For once he wasn’t raving to himself, though it’s uncertain how often he knew the difference. He was taking this particular info-dump on the girl who squatted naked at the edge of the raft, staring down into the water. Which was quite a sight for anyone who cared to stare instead of blathering about crypto-archeology: little breasts as spherical as stone temple houris in India, Chinatown cheekbones, matte skin the color of cinnamon sugar, and sleek black hair so long it brushed the floor every time she shifted her delectable ass (which was the only time it ever got swept).

Her name was XChab and she was as Mayan as they come: he’d found her selling cheap Chilangoware shell jewelry on the beach dressed in a village huipil, tapestry tied around her hips, and about three kilos of braids piled up on her head. Which she considered her working outfit. She’d much rather wear retro-slut black drag with Doc Martins and a buzzcut because she was a ponk at heart—a ponkita, actually, since she was drastically underage. But the only ticket out that had punched her so far was this old hippie, who liked her to wear her hair down and mostly nothing at all, which was fine with her. Anything to quit being Maya village people.

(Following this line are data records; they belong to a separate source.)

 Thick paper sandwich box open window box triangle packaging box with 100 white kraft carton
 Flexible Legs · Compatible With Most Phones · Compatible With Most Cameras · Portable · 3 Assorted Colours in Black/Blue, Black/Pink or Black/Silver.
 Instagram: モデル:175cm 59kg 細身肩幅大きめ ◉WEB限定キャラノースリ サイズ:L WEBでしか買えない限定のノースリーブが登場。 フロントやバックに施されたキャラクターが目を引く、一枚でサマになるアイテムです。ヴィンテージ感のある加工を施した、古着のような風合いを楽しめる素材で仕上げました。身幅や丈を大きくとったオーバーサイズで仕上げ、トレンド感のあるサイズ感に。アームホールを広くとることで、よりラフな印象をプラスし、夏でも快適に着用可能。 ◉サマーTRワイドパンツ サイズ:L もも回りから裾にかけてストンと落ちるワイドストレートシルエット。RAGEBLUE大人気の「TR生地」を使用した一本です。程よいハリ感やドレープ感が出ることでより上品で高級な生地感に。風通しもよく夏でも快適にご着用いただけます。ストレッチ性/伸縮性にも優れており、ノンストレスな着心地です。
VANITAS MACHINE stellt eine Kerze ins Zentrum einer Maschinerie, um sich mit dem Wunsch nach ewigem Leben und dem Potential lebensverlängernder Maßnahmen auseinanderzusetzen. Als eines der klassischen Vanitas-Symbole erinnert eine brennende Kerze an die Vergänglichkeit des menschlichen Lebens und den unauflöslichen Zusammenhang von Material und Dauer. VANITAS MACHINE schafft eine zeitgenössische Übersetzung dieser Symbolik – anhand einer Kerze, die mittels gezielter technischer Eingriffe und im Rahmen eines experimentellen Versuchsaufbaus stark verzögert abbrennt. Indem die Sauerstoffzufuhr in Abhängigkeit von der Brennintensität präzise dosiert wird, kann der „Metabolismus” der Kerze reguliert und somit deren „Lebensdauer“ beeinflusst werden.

Although she was entertaining doubts about stranding herself on this crazy raft with this pendejo. What her mother would call me’ex ‘áak. What did he do all day? Smoked mota, which nobody did but low class losers, and get crazy on hongos, which nobody did but psychos and gringos. Well, he was a gringo, more of less. So why did he like that jungle shit instead of having some coca, or better yet, crack? She had only heard of crack, but lusted for a taste because the name itself just sounded so very, very bad. Which is to say, of course, good.

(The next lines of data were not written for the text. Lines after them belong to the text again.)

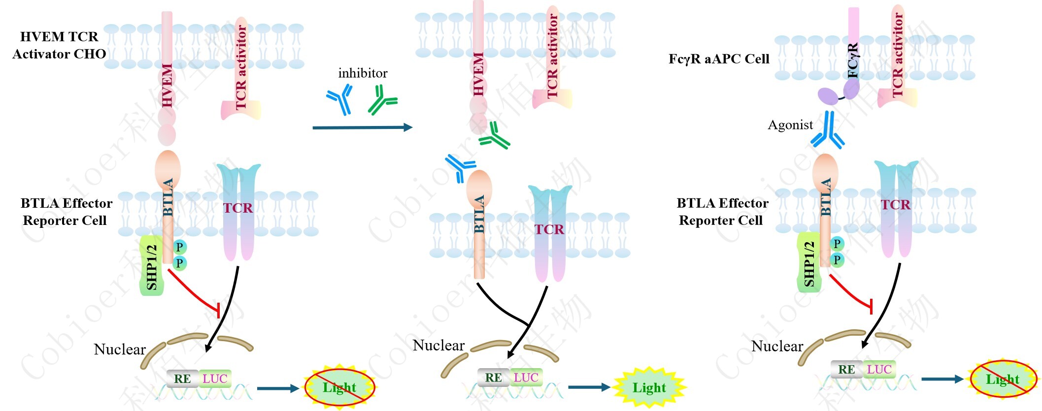 BTLA Effector Reporter Cell 報(bào)告基因藥靶模型很好的模擬了體內(nèi) BTLA 的信號轉(zhuǎn)導(dǎo)過 程,原理見下圖所示。![]() Figure 1. BTLA Effector Reporter Cell 模型原理圖 |
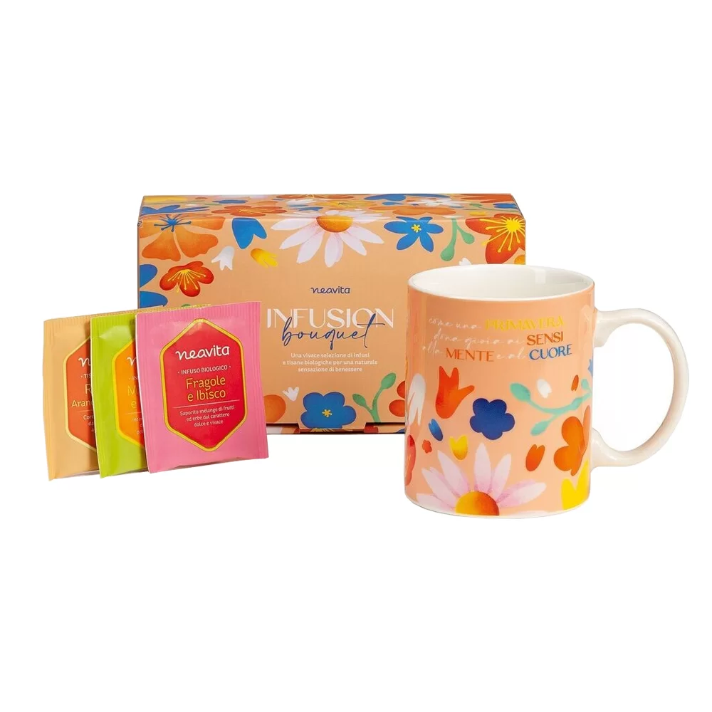 NEAVITA COFANETTO INFUSION BOUQUET ARANCIONE 9 FILTRI BIO E MUG
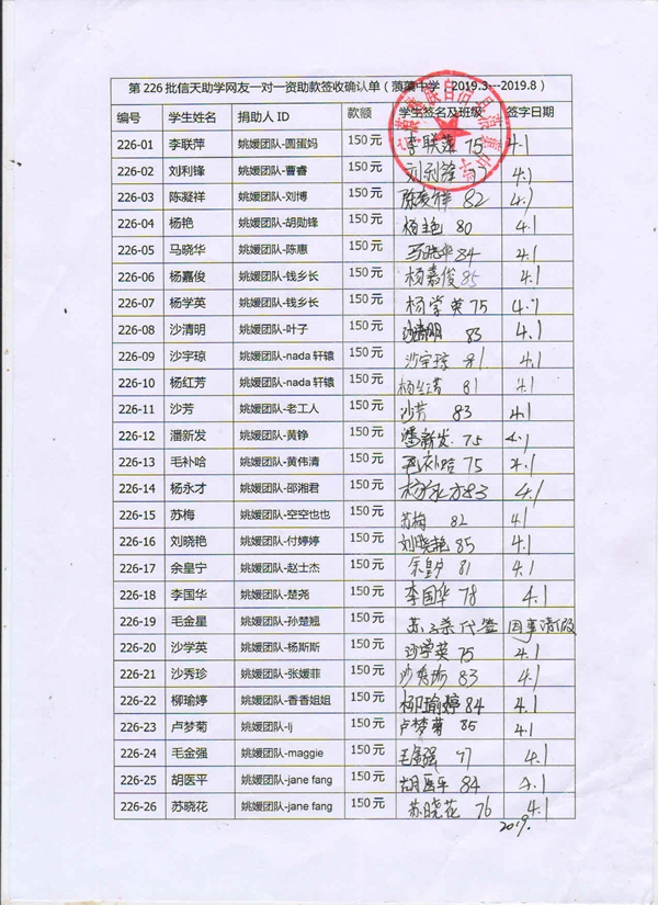 第226批蒗渠中学(2019年3月-2019年7月)受助学生签字确认单
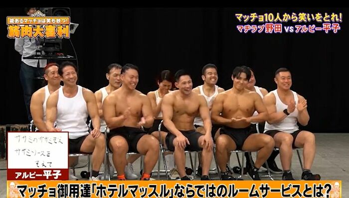 ということで、回答席も用意され、10人のマッチョ審査員も勢ぞろい。平子さんと野田さんは、進行の座をかけて「筋肉大喜利」で対決することになりました。
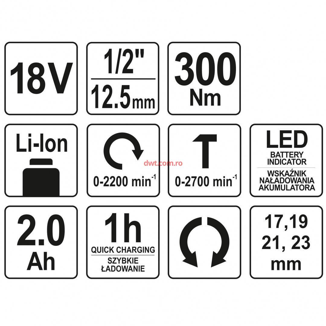 Comanda instant - YATO YT-82804 Pistol de impact cu acumulator Yato YT-82804, cuplu 300Nm, 18V, Li-Ion, 2Ah

She stood up smoothly, though she’d been squatting on her heels for over an hour. She gazed at Winston Bacon, ranting on the bed, and shifted her weight just enough to give her pose a sexual tilt. She rocked her head forward, then shook it, her hair slithering around to hang in front of her the way he liked, her nipples staring out as round and black and beckoning as her eyes. She lowered her brow and stared at him from under her silken lashes, wetting her lips slightly. She said, “Hey, Winston, why don’t you shut up with that crazy Indio shit?”